With fellowship at last in sight, Dr Zawarreza started looking for a practice to buy last year, leading to some locum shifts at Christchurch’s Hornby Medical Centre while he considered buying out one of the GP partners.
“I loved working with them, and they enjoyed working with me, so we realised I was a good fit for the team.” He started full time at the practice in March and “couldn’t be happier”.

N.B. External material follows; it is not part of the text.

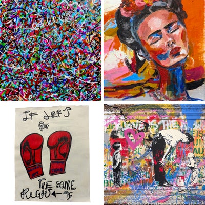 Estimate: $65,000 USD In "Pop Wall," a canvas piece by Mr. Brainwash created in 2021 with overall dimensions of 115x85 cm, the artist celebrates themes of love and hope. The frame, designed by Mr. Brainwash himself, is considered an essential component of the artwork. This artwork showcases his most memorable characters set against a backdrop of radiant, intense colors that highlight the central figures. Distinctive elements include homage to renowned artists' creations such as Keith Haring's figures, and Andy Warhol's soup cans. The piece is also adorned with motivational sayings, prominently featuring Mr. Brainwash's famous quote, "Love is the answer."
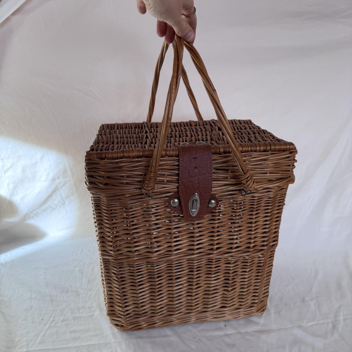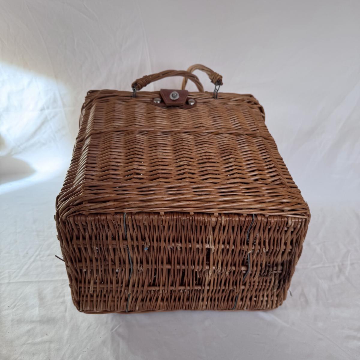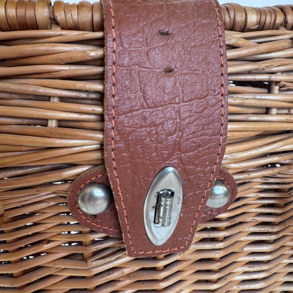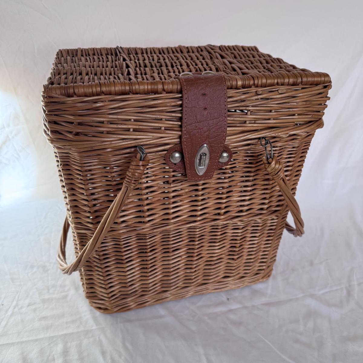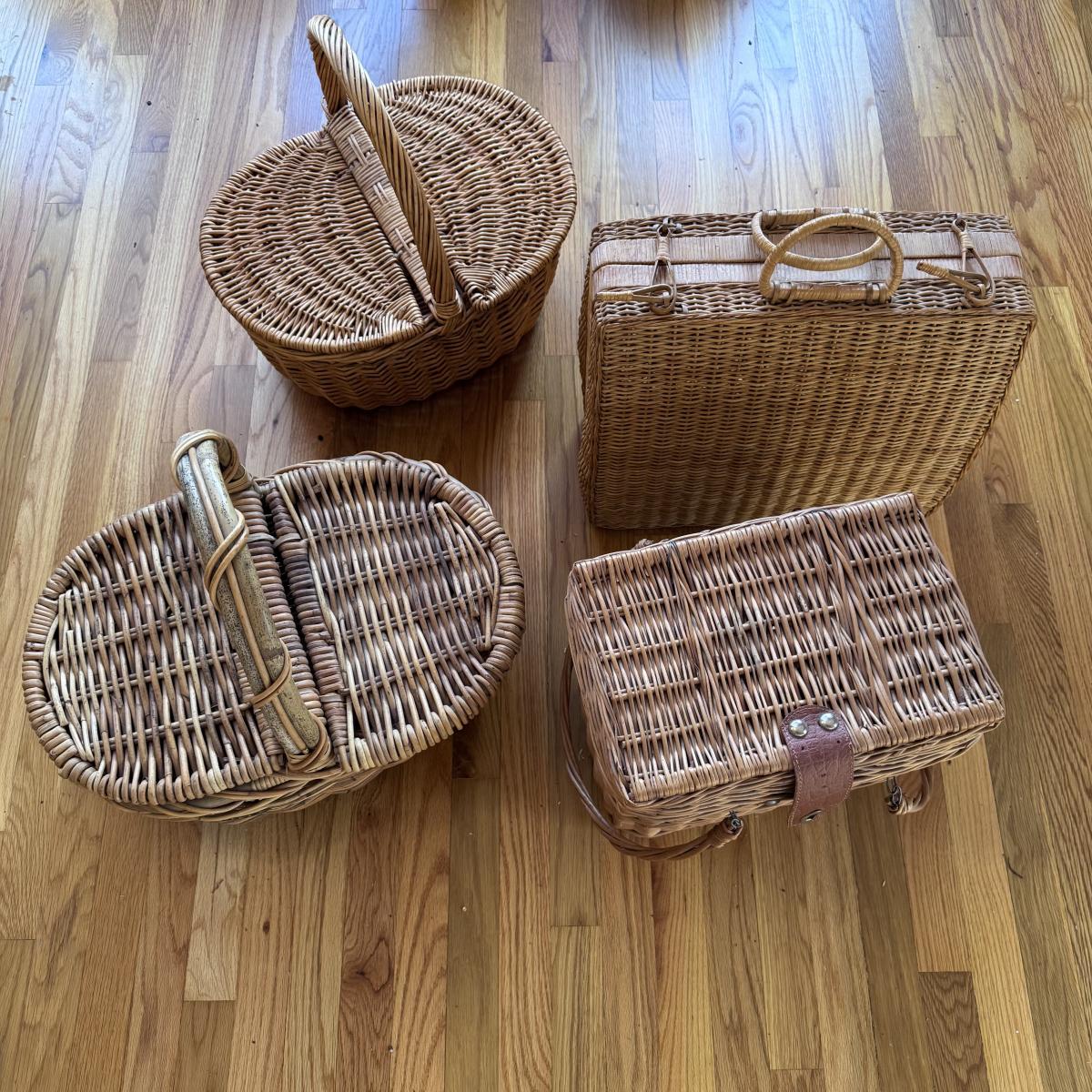 Lot includes four adorable wicker picnic baskets in various shapes. The first two pictured open on the top of both sides. The third pictured has a leather and metal clasp and two handles. The last one pictured is a briefcase style basket with clasps on the top. It measures 17” x 5.5” x 15”H. There is one spot that is broken, but it is still functional - see picture included. Shipping available.

He plans to continue a Sunday urgent-care shift at Riccarton Clinic he started in 2024. Last year, he also enrolled in a master’s in medical education at the University of Auckland after discovering he loved teaching medical students during their practice placements. Then, there are the research projects he wants to pursue to help his patients with diabetes.
He appears to be a workaholic.
Working six days a week is normal in Iran, he says. “And I love what I do. The work doesn’t stress me out.”
What does stress him is the risk of other GP registrars, particularly vulnerable IMG doctors, having bad training experiences.
Dr Zawarreza describes as “awesome” the Government’s early March announcement of 100 clinical placements in general practice over the next two years for NZREX doctors. He wants New Zealand to embrace and support IMGs to help boost the GP workforce by providing the mentorship, protection and educational support they need to do so safely.
“We need more doctors, but we need to facilitate their entrance to the medical system; otherwise, you will lose them to Australia and other countries.”
After his 15-year journey to becoming a GP, he wants others who follow him to not just survive but thrive.